How to Set Up a Referral Program in Beehiiv (Step-by-Step, 2026)
May 5, 2026 - 9 min read
- TL;DR
- What a Beehiiv Referral Program Actually Does
- Step 1: Pick Rewards Before You Touch the Settings
- Step 2: Create Your First Referral Reward in Beehiiv
- Step 3: Write the Milestone Email
- Step 4: Configure the Referral Block
- Step 5: Add the Referral Block to Every Issue
- Step 6: Monitor Referral Quality
- Reward Ideas That Work for Small Newsletters
- Tools We Recommend
- FAQ
- Final Take
If you want to set up a Beehiiv referral program, start with one small reward, one milestone email, and one clear referral block in every issue.
TL;DR
- Beehiiv’s referral program is available on paid Beehiiv plans, not the free Launch plan.
- Start with 1, 3, and 5-referral milestones before adding expensive rewards or complex fulfillment.
- Digital rewards are usually better than swag for small newsletters because they are cheaper, faster, and easier to fulfill.
- Add the referral block to the same section of every issue so readers learn where to find their unique link.
- Review referral quality before sending expensive rewards. A few fake signups can make a generous program painful fast.
The first referral program I ever overbuilt looked great in a spreadsheet and awkward in real life.
I had too many milestones, rewards that required manual work, and a vague “share this with a friend” line that I buried near the bottom of the email. The problem was not the tool. The problem was that I treated the referral program like a launch campaign instead of a repeatable habit.
That is the frame I would use inside Beehiiv: build a tiny referral loop readers see every week, then improve it once the data tells you which rewards people actually want.
Beehiiv’s own referral program setup guide is the source to keep open for the current dashboard flow. This is the operator version: the order I would follow, the reward choices I would make, and the parts I would keep deliberately simple.
What a Beehiiv Referral Program Actually Does
A newsletter referral program gives each subscriber a unique link. When someone signs up through that link, the original subscriber gets credit for a referral. Once they hit a milestone, they unlock a reward.
Beehiiv uses three core pieces:
- Referrals: the new subscribers who join through an existing subscriber’s referral link.
- Milestones: the referral count needed to unlock a reward.
- Rewards: the thing the subscriber gets when they hit the milestone.
The nice part is that Beehiiv handles the tracking. You are not building a referral database, generating links manually, or trying to reconcile who invited whom.
The part you still own is the offer. If your reward is boring, too expensive, or disconnected from why people read your newsletter, the mechanics will not save it.

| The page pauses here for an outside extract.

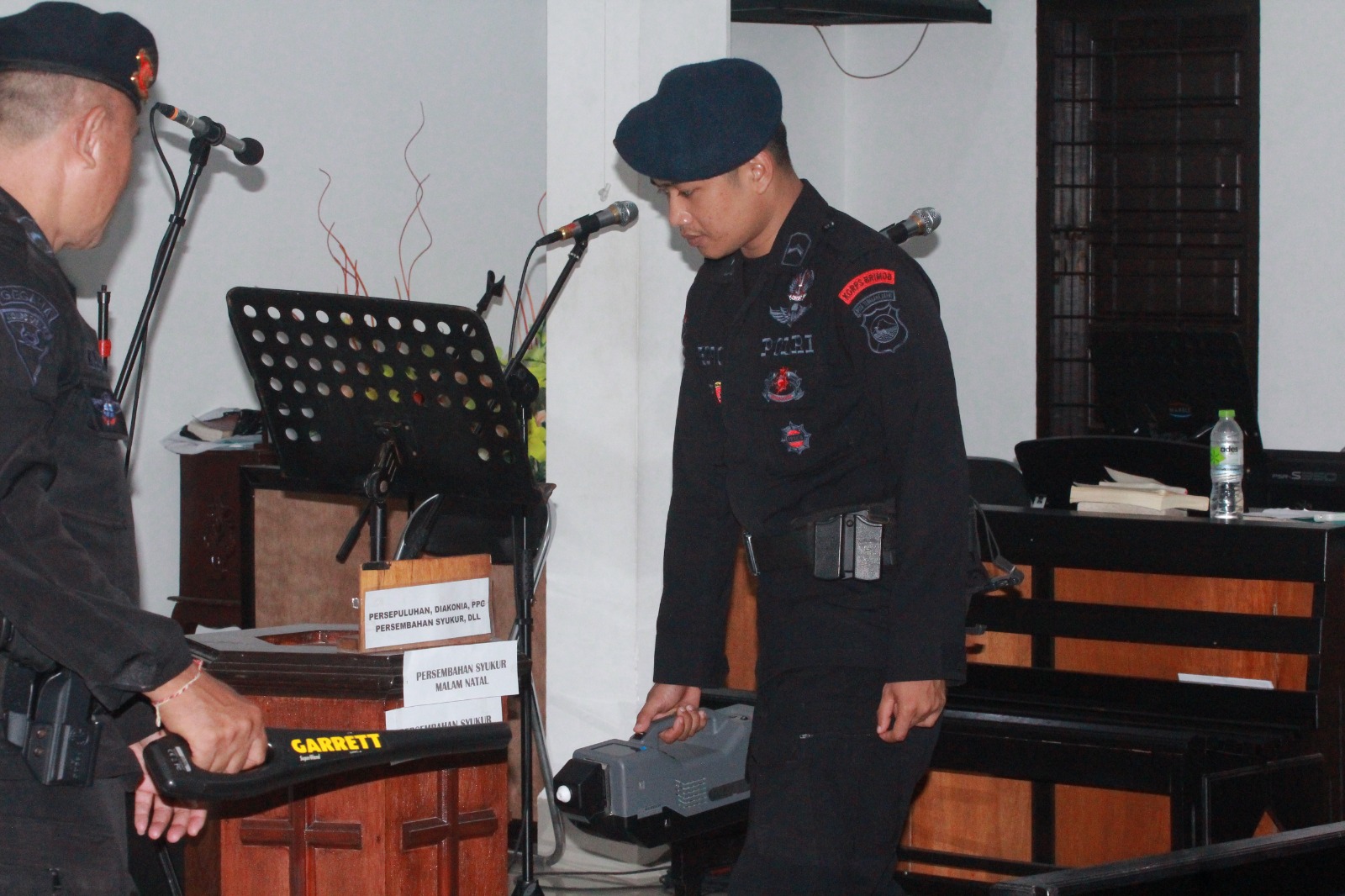 “sterilisasi ini dilakukan pada setiap benda-benda yang ada di dalam gedung maupun pekarangan diperiksa dengan teliti untuk memastikan semua yang ada di dalam maupun di luar gedung supaya tidak ada hal-hal yang mengganggu ataupun membahayakan umat Kristiani ketika melaksanakan Persembahyangan Natal,”Kata Kompol Eka

Step 1: Pick Rewards Before You Touch the Settings
Do not start in the dashboard. Start with the reader.
For a small newsletter, I would usually create three reward tiers:
| Milestone | Reward idea | Why it works |
|---|---|---|
| 1 referral | A private resource list, PDF, or template | Immediate and cheap to deliver |
| 3 referrals | A deeper guide, swipe file, or behind-the-scenes issue | Feels meaningfully better without costing much |
| 5 referrals | A 20-minute office hours invite, private AMA, or premium archive access | Reserved for the few readers who really participate |
I would avoid physical swag until the newsletter is bigger. T-shirts, mugs, and stickers sound fun, but they create sizing issues, shipping issues, customs issues, and awkward margins. If the newsletter is still under a few thousand subscribers, digital rewards are cleaner.

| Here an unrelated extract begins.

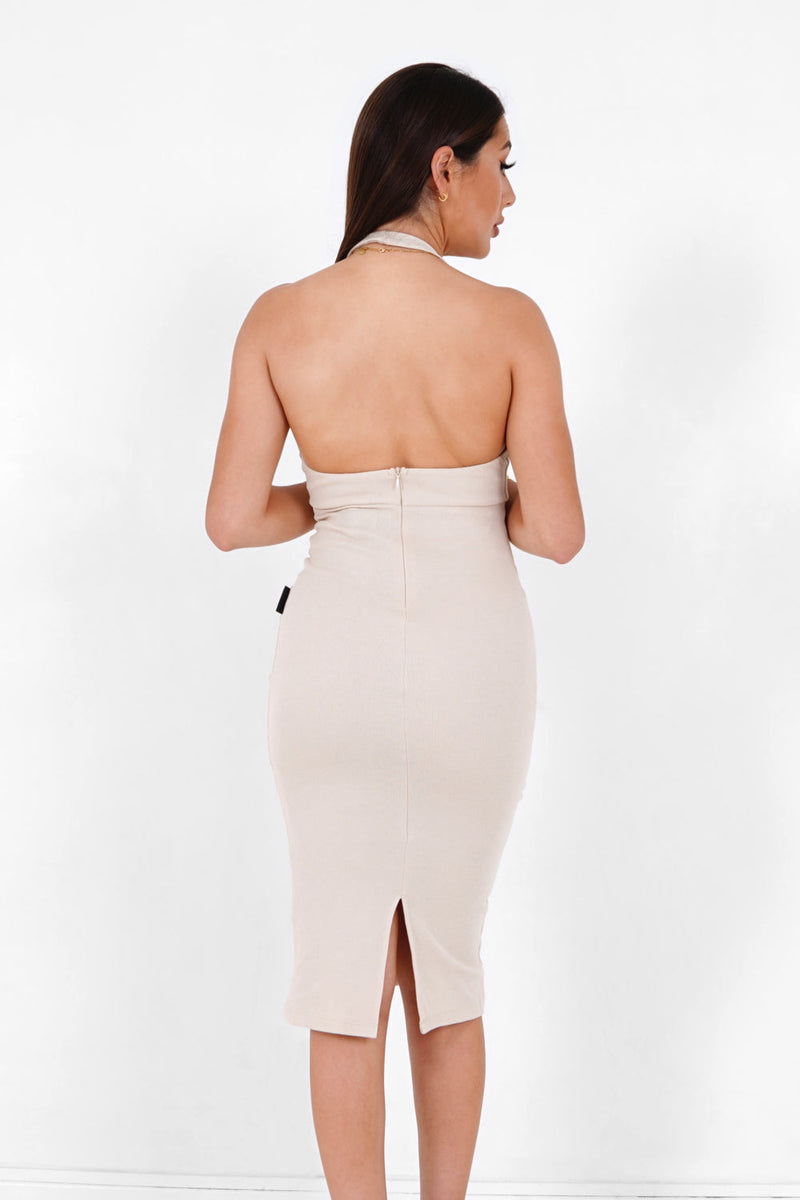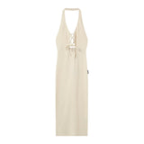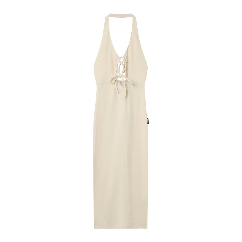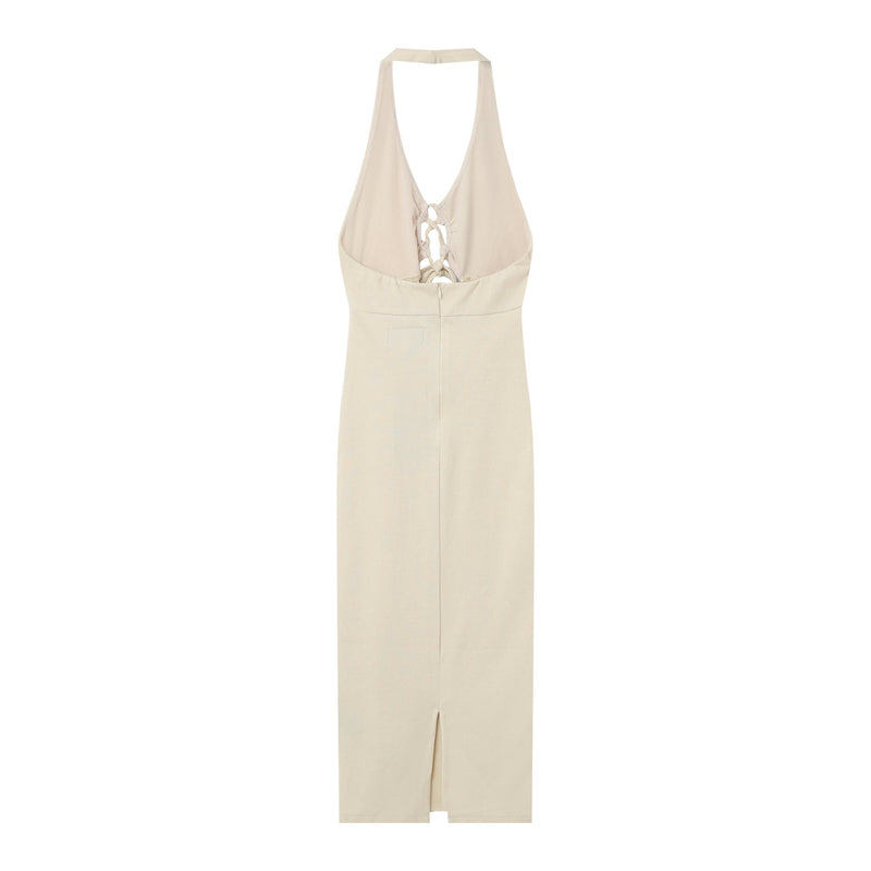 Décolleté ouvert avec cordons de serrage, fermeture à zip et fente à l'arrière.

Beehiiv supports several reward types, including physical rewards, promo codes, digital rewards, and paid subscription gifts if you have paid subscriptions enabled. For most operators, the simplest first version is a digital reward with a clear milestone email.

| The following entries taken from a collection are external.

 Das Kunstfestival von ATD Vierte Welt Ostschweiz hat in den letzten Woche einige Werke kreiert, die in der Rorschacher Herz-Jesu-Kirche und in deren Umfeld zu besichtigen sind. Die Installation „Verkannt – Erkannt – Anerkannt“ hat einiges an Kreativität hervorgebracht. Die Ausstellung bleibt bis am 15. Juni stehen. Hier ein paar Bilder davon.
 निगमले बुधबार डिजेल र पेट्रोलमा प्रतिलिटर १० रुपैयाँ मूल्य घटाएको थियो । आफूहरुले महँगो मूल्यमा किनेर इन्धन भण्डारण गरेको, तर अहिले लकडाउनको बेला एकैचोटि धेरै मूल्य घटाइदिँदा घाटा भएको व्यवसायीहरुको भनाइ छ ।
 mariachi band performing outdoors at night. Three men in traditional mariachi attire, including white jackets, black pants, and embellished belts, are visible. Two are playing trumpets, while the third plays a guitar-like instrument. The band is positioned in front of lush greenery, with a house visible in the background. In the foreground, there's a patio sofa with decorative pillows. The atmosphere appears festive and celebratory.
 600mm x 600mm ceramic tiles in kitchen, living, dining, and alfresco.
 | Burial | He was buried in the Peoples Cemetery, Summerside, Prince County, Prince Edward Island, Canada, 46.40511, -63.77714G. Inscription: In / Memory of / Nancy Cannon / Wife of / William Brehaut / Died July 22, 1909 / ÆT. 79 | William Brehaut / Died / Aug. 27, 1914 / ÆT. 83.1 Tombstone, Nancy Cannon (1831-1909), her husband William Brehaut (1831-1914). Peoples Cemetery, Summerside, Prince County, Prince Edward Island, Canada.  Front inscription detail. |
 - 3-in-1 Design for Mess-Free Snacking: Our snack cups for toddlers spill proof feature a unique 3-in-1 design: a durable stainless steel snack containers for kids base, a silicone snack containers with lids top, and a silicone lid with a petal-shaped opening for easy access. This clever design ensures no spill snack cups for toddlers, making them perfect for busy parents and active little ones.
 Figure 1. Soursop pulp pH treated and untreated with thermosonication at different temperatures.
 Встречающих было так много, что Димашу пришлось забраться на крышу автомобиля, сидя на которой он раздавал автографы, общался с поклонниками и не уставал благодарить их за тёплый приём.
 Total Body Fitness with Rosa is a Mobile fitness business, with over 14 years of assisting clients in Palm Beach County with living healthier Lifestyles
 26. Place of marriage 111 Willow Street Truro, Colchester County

My rule: if I cannot fulfill the reward in under five minutes, I do not use it for an early referral program.
Step 2: Create Your First Referral Reward in Beehiiv
Inside Beehiiv, go to Grow > Referral Program and click New Referral.
Beehiiv’s setup flow asks you to create the reward and the milestone together. In the first step, add:
- Reward name
- Reward type
- Number of referrals needed
- Description
- Optional disclaimer
- Optional image
Keep the reward name obvious. “Referral Reward 1” is not obvious. “Get the private launch checklist” is.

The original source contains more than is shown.